The team’s in-depth analysis of brain metastases and comparison of those tumors to others that had spread to different parts of the body was the first such application of advanced RNA sequencing, and uncovered a variety of factors that make tumors in the brain so difficult to treat.
“Brain metastases are increasingly recognized as one of our biggest challenges in cancer,” said senior author Dr. Michael Davies, an associate professor of melanoma medical oncology. “Melanoma patients with advanced disease have the highest risk of developing brain metastases among common solid tumors, and they are a leading cause of death from this disease. This research provides new insights into why these tumors may be worse, and it, importantly, found something that might be targetable—oxidative phosphorylation metabolism—with drugs that are in clinical trials now.”
As MD Anderson explains, cells generally rely heavily on two types of metabolism to survive. Mitochondria use oxygen to convert glucose, fatty acids and proteins into energy by a process of oxidative phosphorylation (OXPHOS). A more common form of metabolism in cancer is energy production by glycolysis, the conversion of glucose to energy in the absence of oxygen.
Analysis showed that genes involved in oxidative phosphorylation were upregulated in brain metastases, leaving those tumors reliant on that form of metabolism. Previous research by this team and others has also shown that OXPHOS promotes resistance to immunotherapies and targeted therapies.
The researchers found that brain metastases that form in mouse models of melanoma also develop high levels of OXPHOS activity.

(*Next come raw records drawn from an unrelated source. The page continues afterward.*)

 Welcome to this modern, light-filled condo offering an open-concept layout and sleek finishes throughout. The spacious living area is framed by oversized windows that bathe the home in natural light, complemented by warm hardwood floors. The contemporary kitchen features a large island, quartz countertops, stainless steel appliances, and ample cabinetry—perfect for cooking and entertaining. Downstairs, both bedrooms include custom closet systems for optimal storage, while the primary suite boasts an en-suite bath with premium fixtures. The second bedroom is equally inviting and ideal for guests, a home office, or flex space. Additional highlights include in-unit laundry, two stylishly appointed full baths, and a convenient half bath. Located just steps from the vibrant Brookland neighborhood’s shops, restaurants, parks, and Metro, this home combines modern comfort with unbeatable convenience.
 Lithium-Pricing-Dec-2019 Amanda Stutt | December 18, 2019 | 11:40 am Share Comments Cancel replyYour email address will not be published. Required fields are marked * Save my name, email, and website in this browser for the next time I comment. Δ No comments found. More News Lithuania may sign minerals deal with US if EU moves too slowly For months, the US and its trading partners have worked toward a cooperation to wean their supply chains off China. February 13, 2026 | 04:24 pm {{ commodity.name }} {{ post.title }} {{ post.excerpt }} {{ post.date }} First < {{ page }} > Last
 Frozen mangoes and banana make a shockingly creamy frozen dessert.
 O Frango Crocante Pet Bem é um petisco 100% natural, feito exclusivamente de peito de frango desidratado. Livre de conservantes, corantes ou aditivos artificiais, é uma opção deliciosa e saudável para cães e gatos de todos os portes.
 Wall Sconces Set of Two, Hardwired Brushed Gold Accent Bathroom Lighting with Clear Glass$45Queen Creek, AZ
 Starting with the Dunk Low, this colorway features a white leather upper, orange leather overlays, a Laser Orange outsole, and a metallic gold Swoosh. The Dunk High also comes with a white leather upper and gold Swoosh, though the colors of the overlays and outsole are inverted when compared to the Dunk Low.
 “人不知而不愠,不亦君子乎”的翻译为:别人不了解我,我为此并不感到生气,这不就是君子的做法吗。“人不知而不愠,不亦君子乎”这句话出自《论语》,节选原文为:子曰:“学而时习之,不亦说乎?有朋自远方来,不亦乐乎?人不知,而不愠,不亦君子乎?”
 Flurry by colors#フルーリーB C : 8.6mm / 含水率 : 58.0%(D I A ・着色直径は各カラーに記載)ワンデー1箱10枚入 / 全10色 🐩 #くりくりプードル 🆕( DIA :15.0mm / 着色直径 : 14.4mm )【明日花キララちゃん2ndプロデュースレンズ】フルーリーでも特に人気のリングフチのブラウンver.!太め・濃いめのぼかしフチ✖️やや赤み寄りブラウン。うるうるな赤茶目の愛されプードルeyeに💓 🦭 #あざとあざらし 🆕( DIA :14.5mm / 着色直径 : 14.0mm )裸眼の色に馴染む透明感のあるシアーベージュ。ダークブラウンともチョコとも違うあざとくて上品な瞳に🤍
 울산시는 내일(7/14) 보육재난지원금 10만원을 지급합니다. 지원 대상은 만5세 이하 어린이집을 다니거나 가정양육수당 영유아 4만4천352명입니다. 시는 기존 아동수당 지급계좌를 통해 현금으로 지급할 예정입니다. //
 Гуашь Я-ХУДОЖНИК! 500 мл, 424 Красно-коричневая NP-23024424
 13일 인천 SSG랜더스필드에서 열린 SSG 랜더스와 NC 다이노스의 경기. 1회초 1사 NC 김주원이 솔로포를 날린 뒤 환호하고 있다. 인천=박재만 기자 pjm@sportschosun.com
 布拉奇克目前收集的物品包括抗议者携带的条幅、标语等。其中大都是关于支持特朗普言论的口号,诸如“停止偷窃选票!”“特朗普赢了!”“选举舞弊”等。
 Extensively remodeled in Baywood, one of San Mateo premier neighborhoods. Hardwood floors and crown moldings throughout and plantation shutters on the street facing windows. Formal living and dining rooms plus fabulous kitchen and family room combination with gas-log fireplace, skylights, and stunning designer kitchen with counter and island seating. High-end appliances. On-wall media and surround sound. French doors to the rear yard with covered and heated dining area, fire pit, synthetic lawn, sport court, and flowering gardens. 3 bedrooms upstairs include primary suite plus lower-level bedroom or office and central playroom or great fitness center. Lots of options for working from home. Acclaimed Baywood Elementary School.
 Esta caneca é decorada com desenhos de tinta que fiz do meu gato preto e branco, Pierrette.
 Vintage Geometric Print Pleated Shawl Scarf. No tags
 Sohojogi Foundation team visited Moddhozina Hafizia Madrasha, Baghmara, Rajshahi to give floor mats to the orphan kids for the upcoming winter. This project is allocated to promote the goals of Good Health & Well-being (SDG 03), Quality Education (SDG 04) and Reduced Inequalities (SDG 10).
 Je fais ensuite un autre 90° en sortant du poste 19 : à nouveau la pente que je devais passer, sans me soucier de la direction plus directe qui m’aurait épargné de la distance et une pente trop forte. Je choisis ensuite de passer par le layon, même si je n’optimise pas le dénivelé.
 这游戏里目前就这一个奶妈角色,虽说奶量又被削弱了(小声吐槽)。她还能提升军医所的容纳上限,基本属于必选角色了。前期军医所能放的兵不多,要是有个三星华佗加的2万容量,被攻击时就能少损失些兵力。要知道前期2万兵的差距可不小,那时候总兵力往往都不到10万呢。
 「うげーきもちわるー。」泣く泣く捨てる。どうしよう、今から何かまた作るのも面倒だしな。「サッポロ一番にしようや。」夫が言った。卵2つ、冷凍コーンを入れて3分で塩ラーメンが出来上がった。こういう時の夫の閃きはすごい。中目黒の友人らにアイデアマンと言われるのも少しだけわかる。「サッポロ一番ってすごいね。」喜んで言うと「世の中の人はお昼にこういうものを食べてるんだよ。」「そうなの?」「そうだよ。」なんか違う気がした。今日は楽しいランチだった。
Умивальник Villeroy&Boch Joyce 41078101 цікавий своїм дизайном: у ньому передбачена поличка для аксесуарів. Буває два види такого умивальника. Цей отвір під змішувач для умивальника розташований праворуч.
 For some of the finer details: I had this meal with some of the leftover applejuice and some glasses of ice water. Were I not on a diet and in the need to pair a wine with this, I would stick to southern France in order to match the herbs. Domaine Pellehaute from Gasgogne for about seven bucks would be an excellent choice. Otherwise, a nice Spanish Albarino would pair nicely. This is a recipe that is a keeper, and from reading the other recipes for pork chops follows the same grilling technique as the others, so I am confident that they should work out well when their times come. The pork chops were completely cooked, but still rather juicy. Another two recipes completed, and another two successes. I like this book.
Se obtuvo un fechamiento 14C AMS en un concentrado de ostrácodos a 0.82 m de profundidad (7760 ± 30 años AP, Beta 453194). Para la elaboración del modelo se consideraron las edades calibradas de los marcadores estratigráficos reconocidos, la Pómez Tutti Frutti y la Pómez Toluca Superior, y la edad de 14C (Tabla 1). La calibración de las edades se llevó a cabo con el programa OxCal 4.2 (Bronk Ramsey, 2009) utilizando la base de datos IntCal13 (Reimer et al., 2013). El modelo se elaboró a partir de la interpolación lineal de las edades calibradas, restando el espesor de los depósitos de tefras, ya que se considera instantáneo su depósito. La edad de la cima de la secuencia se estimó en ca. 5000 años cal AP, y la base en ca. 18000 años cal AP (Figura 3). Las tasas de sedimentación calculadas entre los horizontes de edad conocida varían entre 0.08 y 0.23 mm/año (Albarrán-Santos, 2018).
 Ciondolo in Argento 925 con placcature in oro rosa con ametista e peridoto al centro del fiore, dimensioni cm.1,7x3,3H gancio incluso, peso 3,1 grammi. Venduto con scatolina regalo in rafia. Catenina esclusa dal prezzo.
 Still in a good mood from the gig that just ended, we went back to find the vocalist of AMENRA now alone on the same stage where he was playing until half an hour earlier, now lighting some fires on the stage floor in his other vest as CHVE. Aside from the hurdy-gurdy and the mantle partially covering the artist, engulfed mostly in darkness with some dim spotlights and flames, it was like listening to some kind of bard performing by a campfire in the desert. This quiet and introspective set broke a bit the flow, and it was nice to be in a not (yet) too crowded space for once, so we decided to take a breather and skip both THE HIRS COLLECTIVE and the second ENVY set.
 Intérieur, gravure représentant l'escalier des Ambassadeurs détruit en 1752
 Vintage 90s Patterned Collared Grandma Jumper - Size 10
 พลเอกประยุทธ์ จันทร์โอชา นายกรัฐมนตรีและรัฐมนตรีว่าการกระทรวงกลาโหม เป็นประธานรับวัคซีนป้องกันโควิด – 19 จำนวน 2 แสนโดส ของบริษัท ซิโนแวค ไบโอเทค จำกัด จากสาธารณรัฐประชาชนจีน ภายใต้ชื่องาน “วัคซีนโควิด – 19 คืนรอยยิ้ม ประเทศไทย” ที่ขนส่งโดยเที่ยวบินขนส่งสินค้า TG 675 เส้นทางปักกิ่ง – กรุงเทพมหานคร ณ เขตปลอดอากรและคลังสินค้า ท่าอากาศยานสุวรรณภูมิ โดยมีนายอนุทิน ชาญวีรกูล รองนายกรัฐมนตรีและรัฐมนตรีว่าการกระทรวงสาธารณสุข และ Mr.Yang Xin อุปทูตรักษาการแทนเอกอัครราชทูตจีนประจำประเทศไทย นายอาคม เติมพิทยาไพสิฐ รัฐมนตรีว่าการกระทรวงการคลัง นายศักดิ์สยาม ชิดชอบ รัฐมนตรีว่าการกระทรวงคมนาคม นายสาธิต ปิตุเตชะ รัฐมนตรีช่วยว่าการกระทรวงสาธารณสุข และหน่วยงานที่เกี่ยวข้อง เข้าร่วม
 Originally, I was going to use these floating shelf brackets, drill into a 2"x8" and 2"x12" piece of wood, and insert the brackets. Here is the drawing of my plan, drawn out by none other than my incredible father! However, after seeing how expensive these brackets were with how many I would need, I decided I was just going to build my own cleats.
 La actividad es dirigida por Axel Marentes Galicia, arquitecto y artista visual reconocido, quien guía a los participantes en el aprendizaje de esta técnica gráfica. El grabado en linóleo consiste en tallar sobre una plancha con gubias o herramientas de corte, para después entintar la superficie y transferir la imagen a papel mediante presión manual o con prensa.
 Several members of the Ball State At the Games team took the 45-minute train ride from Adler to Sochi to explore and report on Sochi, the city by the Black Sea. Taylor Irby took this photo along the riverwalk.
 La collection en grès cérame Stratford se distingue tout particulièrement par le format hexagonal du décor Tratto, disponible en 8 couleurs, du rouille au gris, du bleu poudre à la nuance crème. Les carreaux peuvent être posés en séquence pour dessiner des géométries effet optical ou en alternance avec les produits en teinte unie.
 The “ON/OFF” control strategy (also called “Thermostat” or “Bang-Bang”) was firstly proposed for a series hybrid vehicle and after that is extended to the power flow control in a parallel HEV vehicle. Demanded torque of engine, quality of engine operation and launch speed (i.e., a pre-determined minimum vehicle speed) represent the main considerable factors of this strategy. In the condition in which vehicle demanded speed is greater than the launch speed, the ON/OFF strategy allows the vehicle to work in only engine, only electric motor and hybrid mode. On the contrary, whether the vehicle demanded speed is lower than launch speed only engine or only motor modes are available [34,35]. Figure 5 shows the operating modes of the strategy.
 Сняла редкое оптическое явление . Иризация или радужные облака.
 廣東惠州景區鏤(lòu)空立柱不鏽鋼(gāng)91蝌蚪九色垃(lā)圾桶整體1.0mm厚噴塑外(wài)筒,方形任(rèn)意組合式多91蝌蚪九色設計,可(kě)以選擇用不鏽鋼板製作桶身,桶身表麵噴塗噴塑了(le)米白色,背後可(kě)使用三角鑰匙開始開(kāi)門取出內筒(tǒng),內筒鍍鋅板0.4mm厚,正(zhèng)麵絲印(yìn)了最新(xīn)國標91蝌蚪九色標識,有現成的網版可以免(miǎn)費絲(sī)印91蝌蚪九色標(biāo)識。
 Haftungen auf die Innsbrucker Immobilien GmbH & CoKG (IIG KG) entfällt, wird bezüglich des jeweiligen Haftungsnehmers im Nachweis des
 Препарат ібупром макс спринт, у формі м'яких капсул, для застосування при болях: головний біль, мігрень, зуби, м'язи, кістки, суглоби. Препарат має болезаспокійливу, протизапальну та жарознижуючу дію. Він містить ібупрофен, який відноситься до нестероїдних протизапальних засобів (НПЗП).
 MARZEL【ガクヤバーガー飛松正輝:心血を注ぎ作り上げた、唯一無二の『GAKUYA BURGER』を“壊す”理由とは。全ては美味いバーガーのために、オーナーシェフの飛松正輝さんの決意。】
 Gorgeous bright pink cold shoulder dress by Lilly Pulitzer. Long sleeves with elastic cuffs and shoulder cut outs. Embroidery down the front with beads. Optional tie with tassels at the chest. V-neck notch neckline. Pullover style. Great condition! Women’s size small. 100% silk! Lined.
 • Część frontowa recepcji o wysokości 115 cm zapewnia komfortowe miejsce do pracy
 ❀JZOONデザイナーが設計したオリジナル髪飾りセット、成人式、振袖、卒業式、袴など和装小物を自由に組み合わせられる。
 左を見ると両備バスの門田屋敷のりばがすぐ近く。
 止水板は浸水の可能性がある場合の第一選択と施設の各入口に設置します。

IACS-10759, a drug that blocks OXPHOS and was developed by MD Anderson’s Institute for Applied Cancer Sciences (IACS), is in a Phase 1 clinical trial against blood cancers and solid tumors. IACS, focused on developing impactful small-molecule therapies, is part of MD Anderson’s Therapeutics Discovery Division.
The scientists found that treatment with IACS-10759 blocked brain metastases from forming in one mouse model that develops metastatic melanoma, but it had much less impact on primary tumor growth or on the development of lung metastases. Treatment with the drug increased survival of mice with existing brain metastases in other models.
“OXPHOS inhibition could be a whole new therapeutic strategy for treating these patients,” Davies said. MD Anderson researchers are working to develop clinical trials.